**SOURCE MATERIAL**.

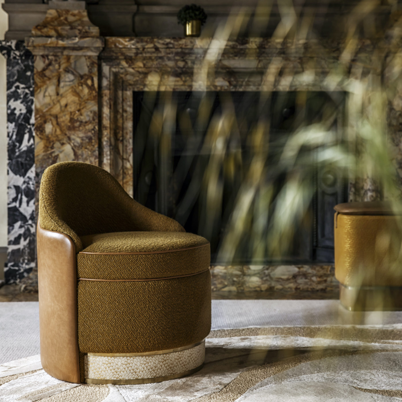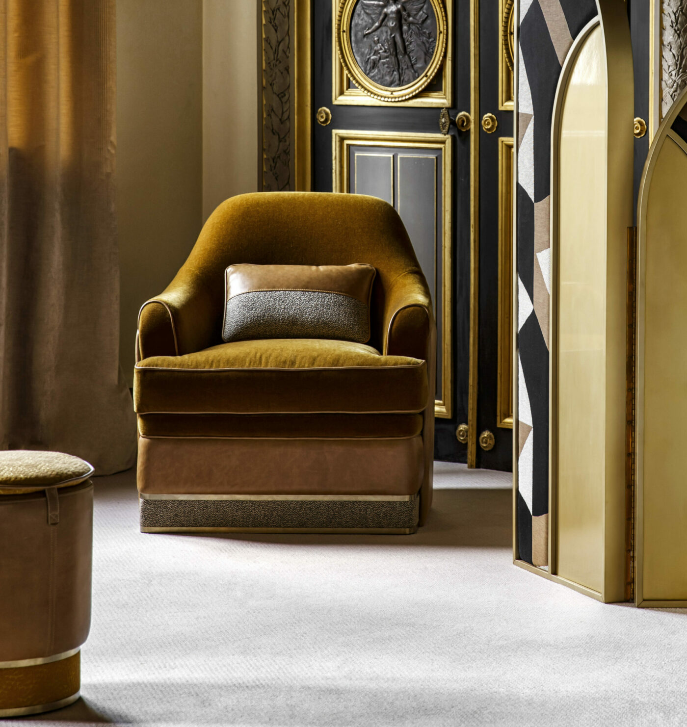 The sophistication of this collection lies in a subtle interplay of combinations and generous, harmonious overlays of refined materials: matts and glosses converse. Deep lacquerware, decorative brass trim, eggshell degrade, encased leather, sensual mohair velvet, subtle Jacquard, warm bouclette, structured semi-plain fabrics, delicate patterns and geometric weaves harmonise and enhance one another without antagonism.
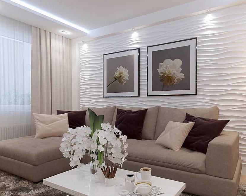При оформлении зала в светлых оттенках для стен используют виниловые или флизелиновые обои. Универсальный отделочный материал может быть как однотонным, так и с неброским рисунком (фактурой). Дизайнеры часто выбирают рельефное сырье под покраску. В классических комнатах роскошно смотрятся интерьерные ткани и декоративная штукатурка.
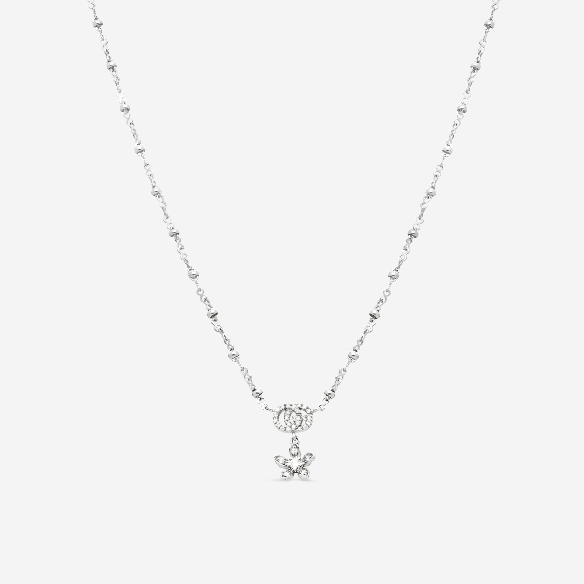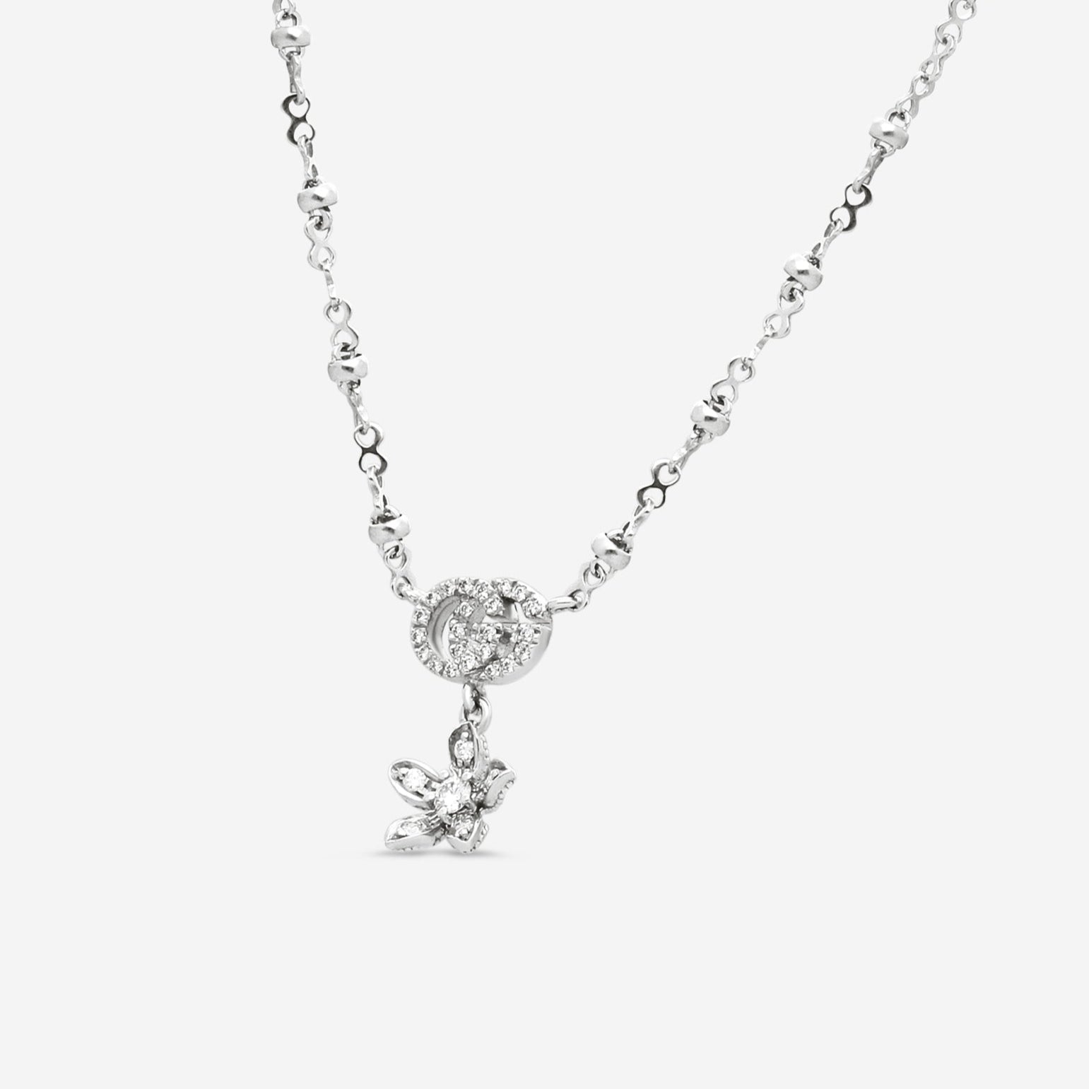 GUCCI Flora 18kt White Gold and Diamond Necklace YBB581842001 MSRP $3,430
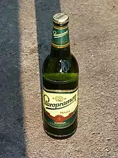 Due to competition from other Prague breweries, the brand name Staropramen, which translates as "old spring" (water source), was registered in 1911. After the First World War, all three breweries saw a period of sustained growth, and by the 1930s Staropramen was the largest brewery in Czechoslovakia.[3] Under communist rule after the Second World War, all Czechoslovakian breweries were nationalised, including Staropramen. After communism ended in 1989, the brewery, along with the Braník and Měšťan breweries, became in 1992 part of the Prague Breweries group (Pražské Pivovary), which by 1996 came under control of the Bass company.[4] Bass brought Ostravar into the group in 1997, then in 2000 sold its brewing operations to Interbrew, which merged with AmBev in 2004 to form Inbev. Staropramen has seen steady growth and is currently the Czech Republic's second largest beer producer with a 15.3% share of the domestic market.[5]
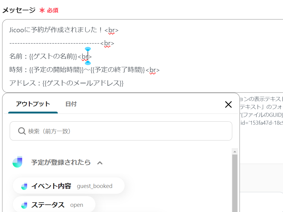 ボックス内をクリックすると、先ほど作成したJicooの予約の詳細が一覧表示されます!Microsoft Teamsに通知したい内容をクリックすればOKです。
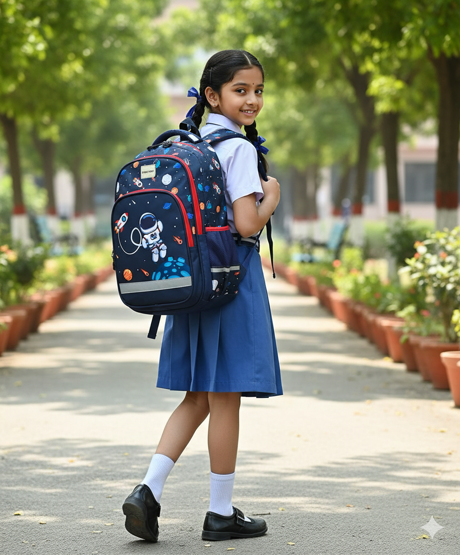 This 19-liter backpack features fast-moving, vibrant prints available in multiple themes including sports, cars, quotes, nature, and more. Its spacious main compartment offers everyday practicality while the front panel adds a stylish, eye-catching look. Designed for comfort and daily use, it’s perfect for school.

**TASK DIRECTIONS**.
Repeat the records above exactly, from the first line through the line that contains "При оформлении зала", and leave out the pictures.

**RESULT BELOW**.
 The sophistication of this collection lies in a subtle interplay of combinations and generous, harmonious overlays of refined materials: matts and glosses converse. Deep lacquerware, decorative brass trim, eggshell degrade, encased leather, sensual mohair velvet, subtle Jacquard, warm bouclette, structured semi-plain fabrics, delicate patterns and geometric weaves harmonise and enhance one another without antagonism.
При оформлении зала в светлых оттенках для стен используют виниловые или флизелиновые обои. Универсальный отделочный материал может быть как однотонным, так и с неброским рисунком (фактурой). Дизайнеры часто выбирают рельефное сырье под покраску. В классических комнатах роскошно смотрятся интерьерные ткани и декоративная штукатурка.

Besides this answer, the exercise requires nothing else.